DynFrame: Adaptive Reasoning-Driven Multimodal Framework with Dynamic Frame Augmentation for Complex Video Understanding
Researchers introduce DynFrame, an advanced video understanding framework that enables multimodal language models to dynamically select both temporal windows and frame sampling rates during inference. The approach achieves competitive performance with smaller 4B models against larger 7B-8B baselines and sets new state-of-the-art results with its 8B variant across six video understanding benchmarks.

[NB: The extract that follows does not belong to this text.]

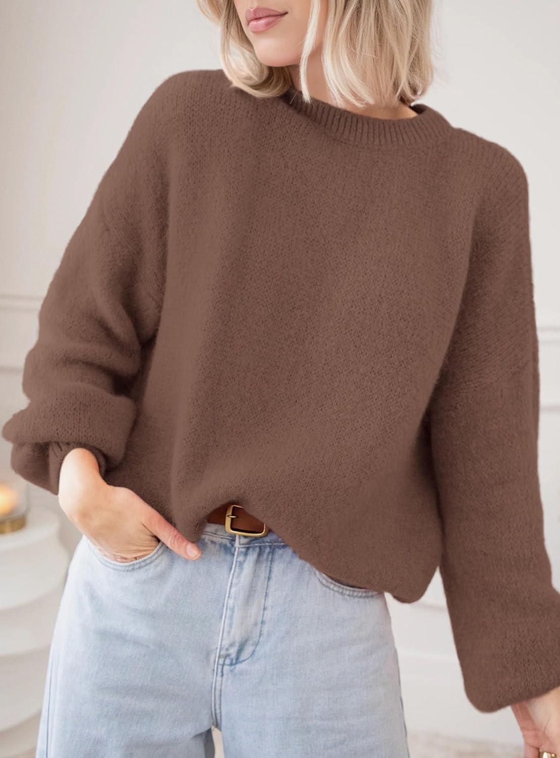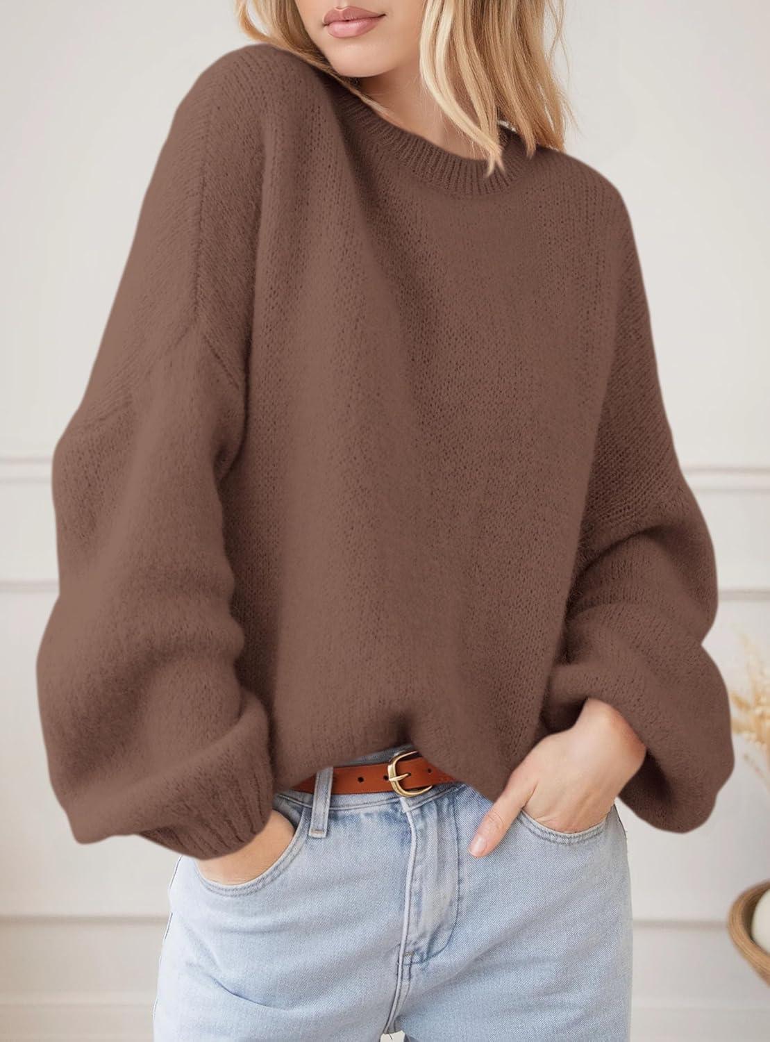 PRETTYGARDEN Women's Fall Oversized Sweaters Dressy Casual Long Sleeve Chunky Knit Winter Pullover Tops 2025 Holiday Outfits(Brown)

DynFrame addresses fundamental inefficiencies in how video multimodal large language models retrieve and process visual information. Traditional approaches require models to make fixed-frame-rate retrieval decisions, forcing repeated calls to capture fine-grained evidence and bloating inference context lengths. By tokenizing both the temporal window and sampling density as learnable parameters, DynFrame enables single-step retrieval of multi-granularity evidence, substantially reducing computational overhead and model complexity.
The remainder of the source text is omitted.